[[ Study material open ]]

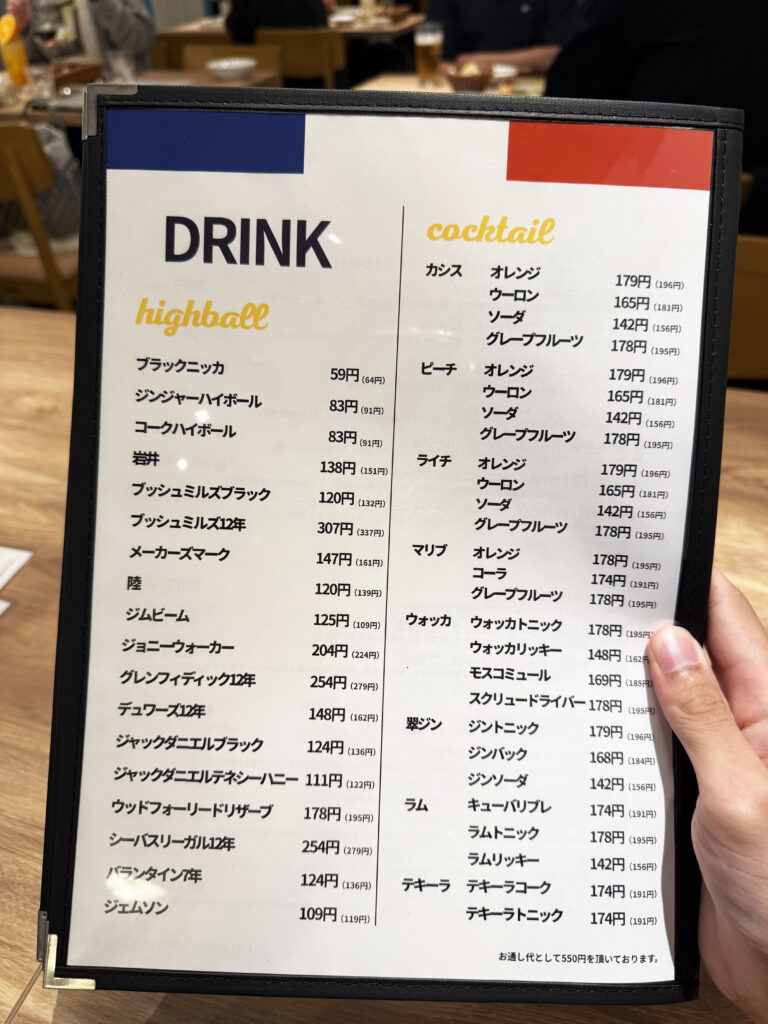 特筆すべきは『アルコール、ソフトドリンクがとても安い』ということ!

[[ Study material closed ]]
[[ Study material open ]]

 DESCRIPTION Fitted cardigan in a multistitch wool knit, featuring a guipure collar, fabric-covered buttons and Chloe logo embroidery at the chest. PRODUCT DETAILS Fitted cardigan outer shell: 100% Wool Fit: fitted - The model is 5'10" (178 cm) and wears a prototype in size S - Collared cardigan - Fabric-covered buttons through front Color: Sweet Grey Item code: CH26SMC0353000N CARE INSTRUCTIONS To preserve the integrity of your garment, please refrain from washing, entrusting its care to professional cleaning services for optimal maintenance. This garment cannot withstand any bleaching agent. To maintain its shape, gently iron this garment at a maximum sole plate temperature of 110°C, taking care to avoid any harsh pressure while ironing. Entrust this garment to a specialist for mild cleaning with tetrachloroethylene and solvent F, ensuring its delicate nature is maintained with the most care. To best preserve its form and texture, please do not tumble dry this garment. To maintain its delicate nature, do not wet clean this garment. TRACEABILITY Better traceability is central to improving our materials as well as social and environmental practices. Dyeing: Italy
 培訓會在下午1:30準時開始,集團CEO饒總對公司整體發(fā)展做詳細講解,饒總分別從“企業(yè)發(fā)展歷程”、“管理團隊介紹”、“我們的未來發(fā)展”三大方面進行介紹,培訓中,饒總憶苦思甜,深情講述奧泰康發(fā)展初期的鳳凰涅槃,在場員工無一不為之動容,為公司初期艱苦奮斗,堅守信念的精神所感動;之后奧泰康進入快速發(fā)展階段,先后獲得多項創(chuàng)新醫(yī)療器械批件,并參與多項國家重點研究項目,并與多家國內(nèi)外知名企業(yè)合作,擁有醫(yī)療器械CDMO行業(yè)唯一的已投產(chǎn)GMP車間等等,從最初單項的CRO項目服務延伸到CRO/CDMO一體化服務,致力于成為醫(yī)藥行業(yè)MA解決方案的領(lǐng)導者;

[[ Study material closed ]]
[[ Study material open ]]

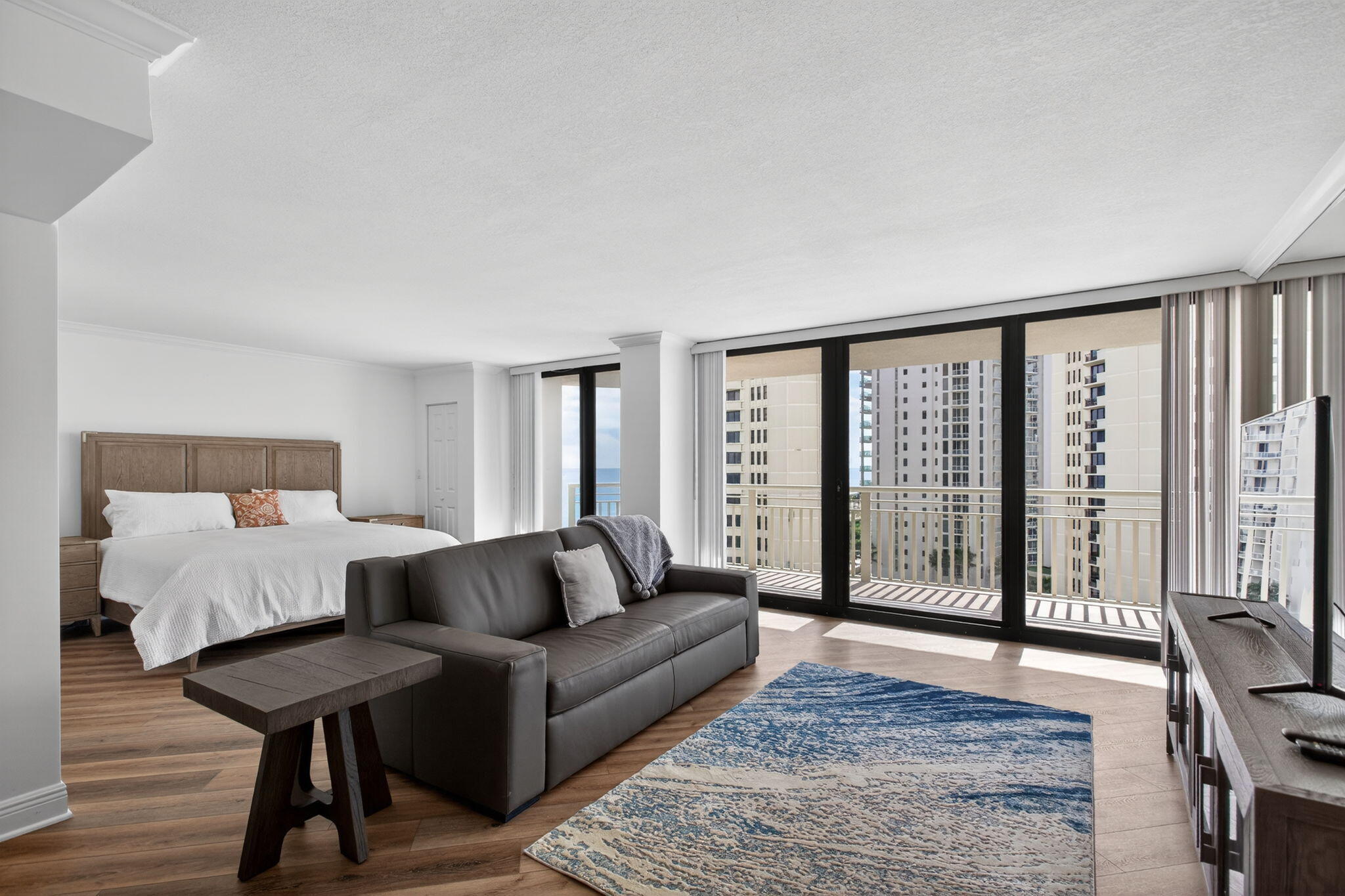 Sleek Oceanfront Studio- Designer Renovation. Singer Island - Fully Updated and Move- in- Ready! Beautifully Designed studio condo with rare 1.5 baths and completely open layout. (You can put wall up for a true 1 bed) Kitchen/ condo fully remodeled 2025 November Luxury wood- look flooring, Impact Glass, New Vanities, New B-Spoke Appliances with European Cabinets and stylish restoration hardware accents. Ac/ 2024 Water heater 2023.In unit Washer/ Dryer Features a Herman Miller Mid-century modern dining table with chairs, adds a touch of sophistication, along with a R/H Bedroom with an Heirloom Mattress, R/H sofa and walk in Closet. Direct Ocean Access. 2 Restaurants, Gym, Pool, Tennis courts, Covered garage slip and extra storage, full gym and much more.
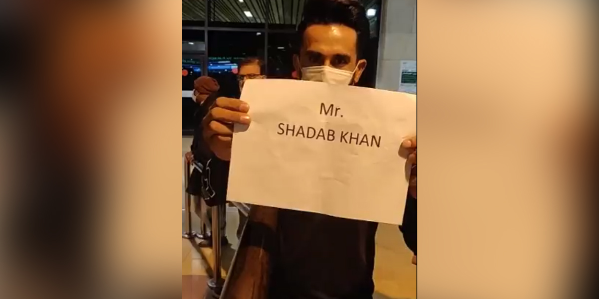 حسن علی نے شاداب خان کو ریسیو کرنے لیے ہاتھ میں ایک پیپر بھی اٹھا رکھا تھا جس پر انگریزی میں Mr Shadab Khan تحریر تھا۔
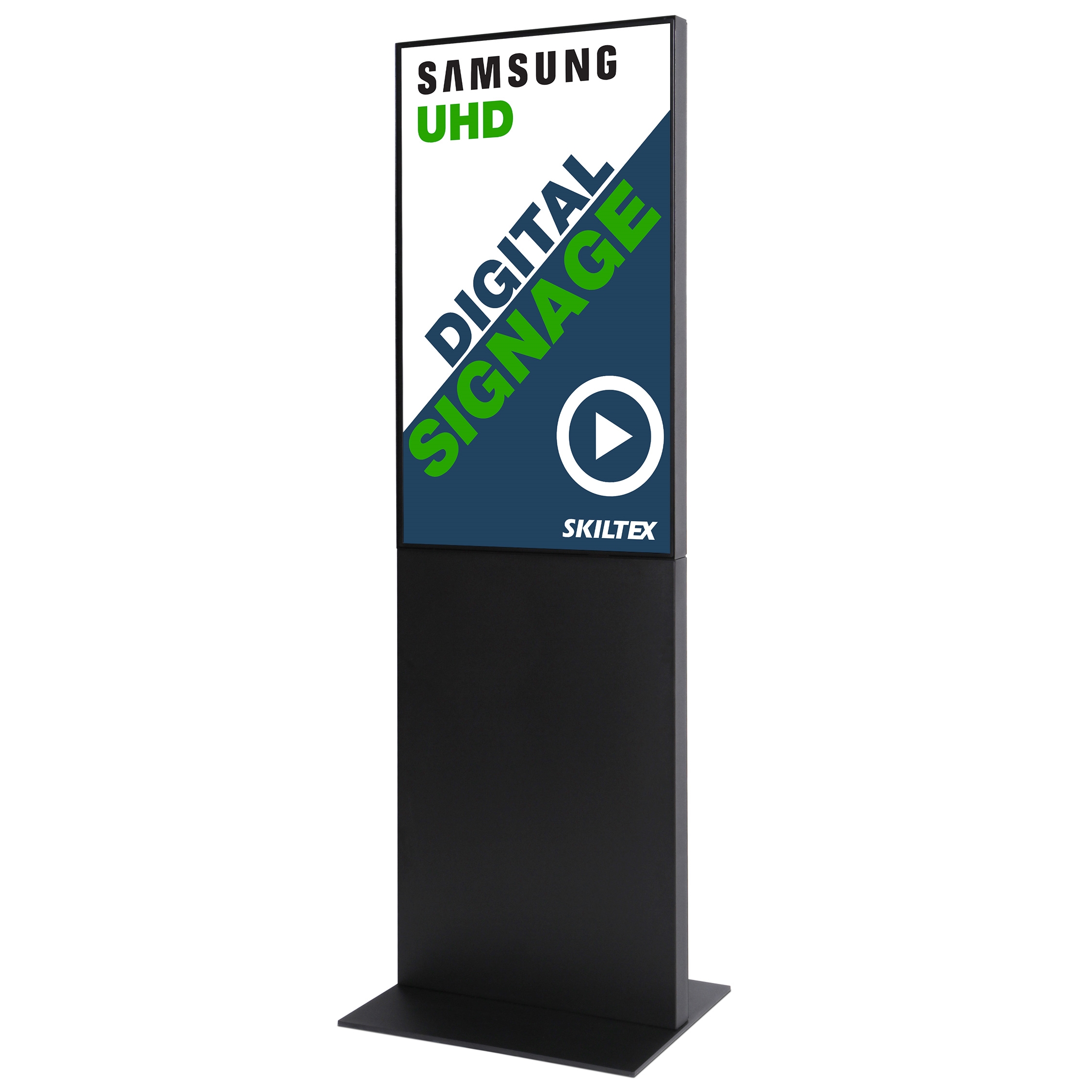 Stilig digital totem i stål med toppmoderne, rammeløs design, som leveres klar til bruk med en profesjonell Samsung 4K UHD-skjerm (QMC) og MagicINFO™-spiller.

[[ Study material closed ]]

Give back exactly the lines above from the one with "حسن علی نے شاداب" through the one with "Stilig digital totem", both included. Pictures don't belong in the copy.

 حسن علی نے شاداب خان کو ریسیو کرنے لیے ہاتھ میں ایک پیپر بھی اٹھا رکھا تھا جس پر انگریزی میں Mr Shadab Khan تحریر تھا۔
 Stilig digital totem i stål med toppmoderne, rammeløs design, som leveres klar til bruk med en profesjonell Samsung 4K UHD-skjerm (QMC) og MagicINFO™-spiller.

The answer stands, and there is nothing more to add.